People accuse veterinarians of being in it for the money, the same day another owner decides to euthanize their dog because they don't want it anymore. While an angry owner on social media is rallying pitchforks over something that the vet can't even respond to due to privacy standards.
I have no sympathy for PE that's wandering around our lives, destroying the actual purpose of businesses to extract profit from everyone they can.
Waste and inefficiency is real. As unpalatable as it is, cleaning up the mess of decay often requires brutal methods. That begs the question, is waste and inefficiency socially undesirable? Maybe not. Maybe not on certain scales or in isolation. But waste compounds.
A certain amount of inefficiency or slack is necessary buffer in any system to reduce brittleness. When a problem occurs, a system that is running with 50% slack can recover more easily than a system with 5% slack.
See Germany's rail network, where almost every time-slot is occupied by a train, and then one train is delayed, and the system collapses with nobody getting to their destination on time for the rest of the day, until the overnight buffer.

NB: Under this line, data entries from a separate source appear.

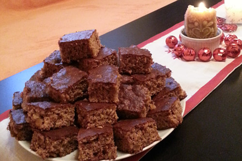 Wer hat gebacken ? Juttinchen Wie hat das mit dem Schütteln geklappt ? Na ja, recht gut, obwohl ich anschließend nochmals mit dem Kochlöffel kurz durchgerührt habe, um die richtige homogene Masse zu erhalten. Vielleicht sollte man einfach ein klein wenig mehr Flüssigkeit dazugeben. Wie hat der Lebkuchen geschmeckt ? Das Ergebnis lässt sich sehen und schmeckt einfach superlecker. Und das Beste ist, dass es ein ganz schneller Kuchen ist. Für die Schokoglasur habe ich eine ganz preiswerte dunkle Schokolade im Wasserbad aufgelöst und mit einem Schuss Sahne und dem Saft einer halben Orange cremig gerührt und auf dem Lebkuchen gleichmäßig verteilt. Da ich als Frucht nur Orangeat verwendet habe, harmoniert die Glasur ganz wunderbar. Der Lebkuchen ist saftig, so wie ich ihn liebe. |
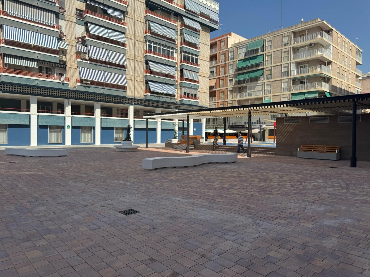 ELCHE. Dos meses después de lo previsto (para mayo originalmente), ya ha finalizado la reforma de la Plaza de los Pisos Azules. La actuación, que ha supuesto una inversión de 744.000 euros, ha renovado el espacio urbano, apostando por medidas de accesibilidad y sombra parcial.
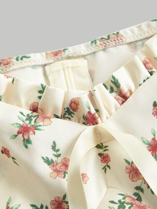 SHEIN MOD Camiseta con patrón floral ribete en forma de lechuga con lazo delantero

In queuing problems, queue length (which means latency) is inversely proportional to slack time. If a network link is running a 90% capacity, on average there are 10 packets queued up and a packet that arrives will have to wait for 10 packet transmission times. At 99%, 100. At 99.99%, 10000. And if you try to use exactly 100% of your network link, the expected queue length is infinity, and the expected latency is infinity, which will not occur in practice because sometimes it will exceed available memory and packets will be dropped, even though utilization never exceeded 99.9999...%.
That work had already been done. To throw it all away for VC or PE to squeeze the life out of it and by extension the community, that's just sad, and a net negative for society. I don't really care about who to blame, the PE or the business owner who sold, the process is destructive.